Highest Common Factor of 408, 629, 46, 106 using Euclid's algorithm
Created By : Jatin Gogia
Reviewed By : Rajasekhar Valipishetty
Last Updated : Apr 06, 2023
HCF Calculator using the Euclid Division Algorithm helps you to find the Highest common factor (HCF) easily for 408, 629, 46, 106 i.e. 1 the largest integer that leaves a remainder zero for all numbers.

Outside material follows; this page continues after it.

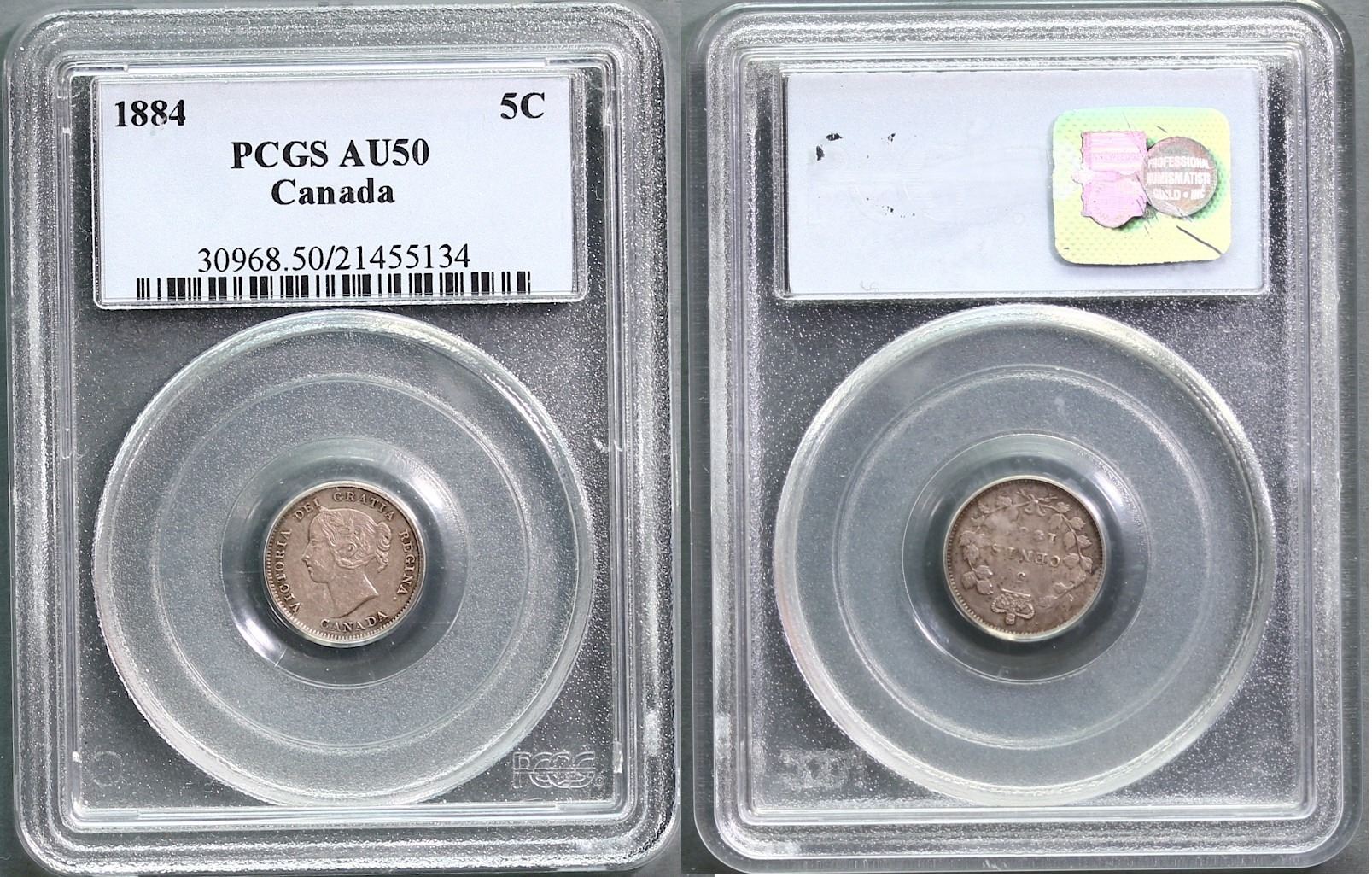 1884 5¢ PCGS About Uncirculated-50. A decent key issue with soft greyish tones.

HCF of 408, 629, 46, 106 is 1 the largest number which exactly divides all the numbers i.e. where the remainder is zero. Let us get into the working of this example.
Consider we have numbers 408, 629, 46, 106 and we need to find the HCF of these numbers. To do so, we need to choose the largest integer first and then as per Euclid's Division Lemma a = bq + r where 0 ≤ r ≤ b
Highest common factor (HCF) of 408, 629, 46, 106 is 1.
HCF(408, 629, 46, 106) = 1
HCF of 408, 629, 46, 106 using Euclid's algorithm
Highest common factor or Highest common divisor (hcd) can be calculated by Euclid's algotithm.
Highest common factor (HCF) of 408, 629, 46, 106 is 1.
Highest Common Factor of 408,629,46,106 is 1
Step 1: Since 629 > 408, we apply the division lemma to 629 and 408, to get
629 = 408 x 1 + 221
Step 2: Since the reminder 408 ≠ 0, we apply division lemma to 221 and 408, to get
408 = 221 x 1 + 187
Step 3: We consider the new divisor 221 and the new remainder 187, and apply the division lemma to get
221 = 187 x 1 + 34
We consider the new divisor 187 and the new remainder 34,and apply the division lemma to get
187 = 34 x 5 + 17
We consider the new divisor 34 and the new remainder 17,and apply the division lemma to get
34 = 17 x 2 + 0
The remainder has now become zero, so our procedure stops. Since the divisor at this stage is 17, the HCF of 408 and 629 is 17
Notice that 17 = HCF(34,17) = HCF(187,34) = HCF(221,187) = HCF(408,221) = HCF(629,408) .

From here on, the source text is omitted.